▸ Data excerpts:

● ● ● ●

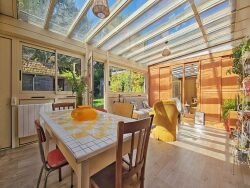 SECTEUR MERVILLE-FRANCEVILLE PLAGE - A 5min des plages de Merville-Franceville-Plage, découvrez cette charmante maison de 75 m² avec vie de plain-pied, parfaite pour une première acquisition en résidence principale, maison de vacances ou investissement locatif. Implantée sur un terrain piscinable de 322m² avec dépendances et baignée de lumière grâce à sa véranda exposée sud-ouest, cette maison se compose d'une pièce de vie donnant sur un jardin arboré, une cuisine aménagée & équipée avec cheminée bois, un salon séjour convivial avec nombreux rangements, une salle d'eau-W.C, deux chambres (dont une à l'étage de 12.15 m² avec rangements et W.C. privatif). Un cadre de vie calme et verdoyant, à seulement 10 minutes à vélo de la mer, proche des commerces, boulangeries et restaurants, à 25 minutes de Caen et 35min de Deauville. Pas de travaux à prévoir. Rare opportunité à saisir !
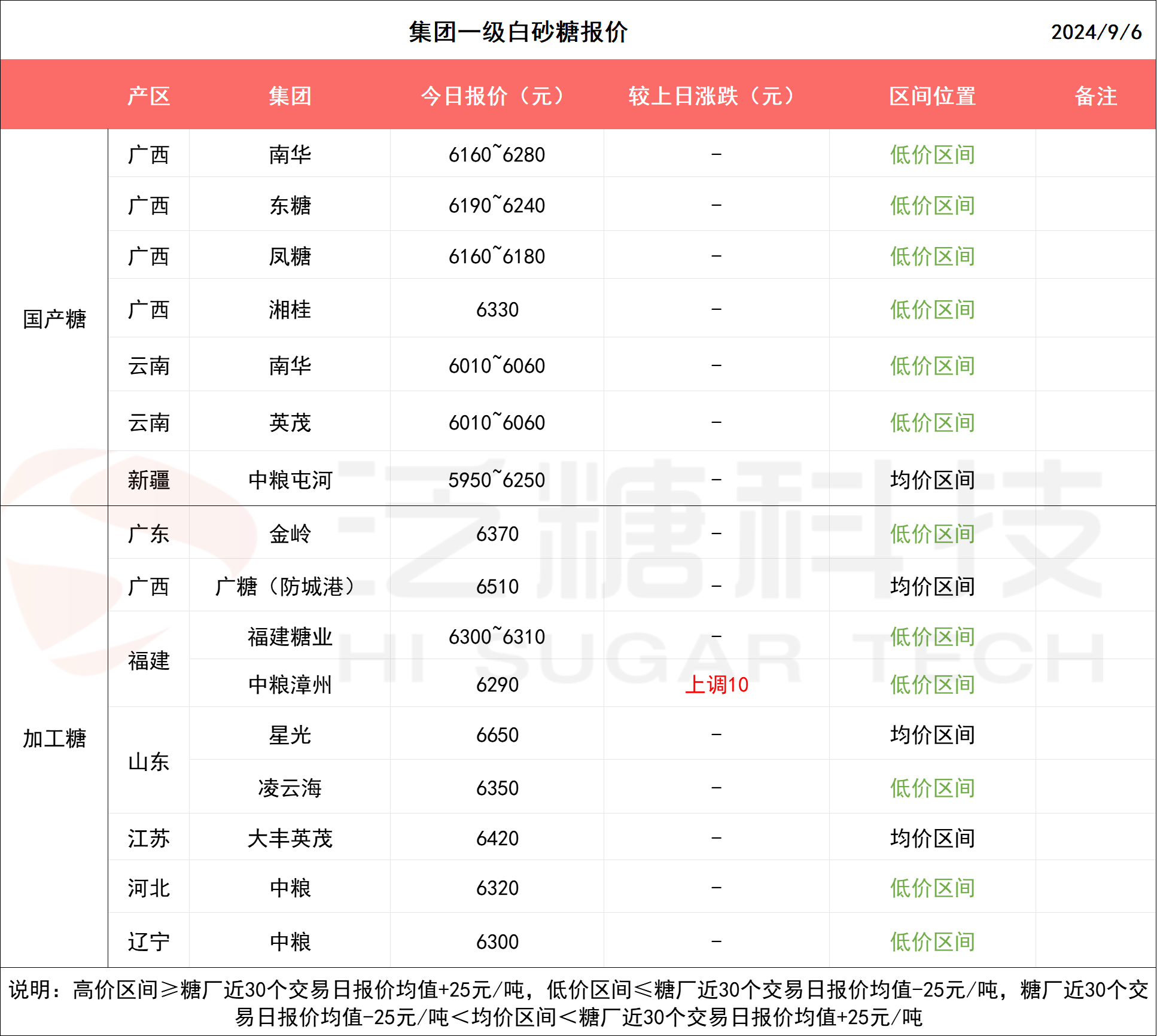 加工糖厂主流报价区间为6290~6420元/吨,中粮漳州上调10元/吨。
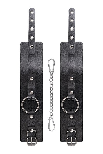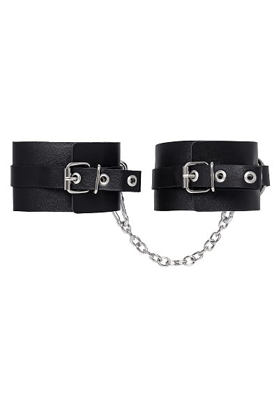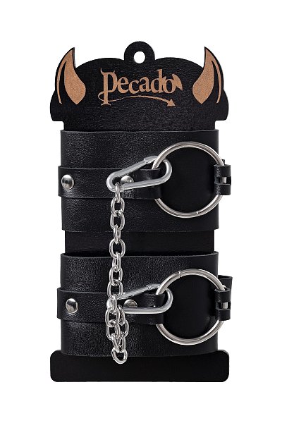 Брутальные оковы от российского производителя Pecado привнесут в ролевые игры новые ощущения! Благодаря им легко обездвижить и зафиксировать ноги партнера в необходимом положении. Аксессуар полностью изготовлен из экологичной натуральной кожи. Материал устойчив к нагрузкам и долговременному использованию. На оковах имеется широкий запас регулировок, благодаря чему можно легко подобрать нужный обхват. Качественная никелированная металлофурнитура в серебристом цвете добавляет изюминку. Каждая манжета комплекта соединена цепью. С помощью колец, можно надежно фиксировать и другие аксессуары. Длина манжет – 27 см, ширина - 6 см.
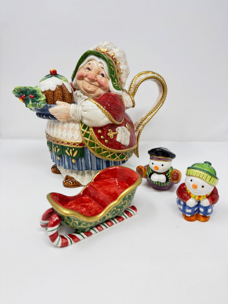 Fitz & Floyd Mrs. Claus Pitcher w/ Snowman Shakers & Sleigh. Includes: Comes in original boxes
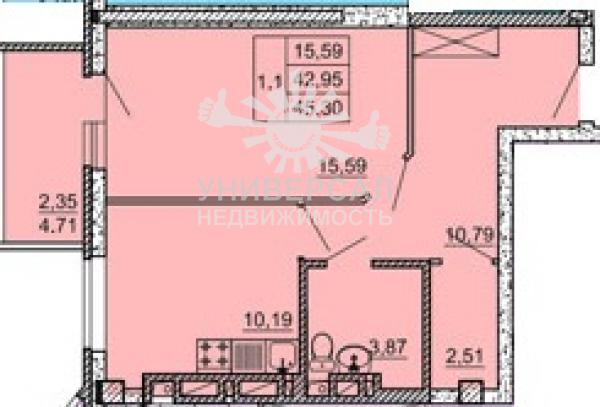 1-к квартира 46 м2
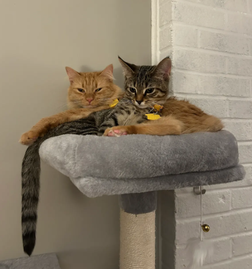 Hattie and Murphy are non-biological siblings who adore each other very much. They share a combined 3 brain cells that they put to good use searching for snacks, water to swim in, and premier napping spots. They are self-described peanut butter aficionados.

● ● ● ●

▸ What to do: Type the entries again verbatim. Any pictures should be skipped.

▸ Result:
 SECTEUR MERVILLE-FRANCEVILLE PLAGE - A 5min des plages de Merville-Franceville-Plage, découvrez cette charmante maison de 75 m² avec vie de plain-pied, parfaite pour une première acquisition en résidence principale, maison de vacances ou investissement locatif. Implantée sur un terrain piscinable de 322m² avec dépendances et baignée de lumière grâce à sa véranda exposée sud-ouest, cette maison se compose d'une pièce de vie donnant sur un jardin arboré, une cuisine aménagée & équipée avec cheminée bois, un salon séjour convivial avec nombreux rangements, une salle d'eau-W.C, deux chambres (dont une à l'étage de 12.15 m² avec rangements et W.C. privatif). Un cadre de vie calme et verdoyant, à seulement 10 minutes à vélo de la mer, proche des commerces, boulangeries et restaurants, à 25 minutes de Caen et 35min de Deauville. Pas de travaux à prévoir. Rare opportunité à saisir !
 加工糖厂主流报价区间为6290~6420元/吨,中粮漳州上调10元/吨。
 Брутальные оковы от российского производителя Pecado привнесут в ролевые игры новые ощущения! Благодаря им легко обездвижить и зафиксировать ноги партнера в необходимом положении. Аксессуар полностью изготовлен из экологичной натуральной кожи. Материал устойчив к нагрузкам и долговременному использованию. На оковах имеется широкий запас регулировок, благодаря чему можно легко подобрать нужный обхват. Качественная никелированная металлофурнитура в серебристом цвете добавляет изюминку. Каждая манжета комплекта соединена цепью. С помощью колец, можно надежно фиксировать и другие аксессуары. Длина манжет – 27 см, ширина - 6 см.
 Fitz & Floyd Mrs. Claus Pitcher w/ Snowman Shakers & Sleigh. Includes: Comes in original boxes
 1-к квартира 46 м2
 Hattie and Murphy are non-biological siblings who adore each other very much. They share a combined 3 brain cells that they put to good use searching for snacks, water to swim in, and premier napping spots. They are self-described peanut butter aficionados.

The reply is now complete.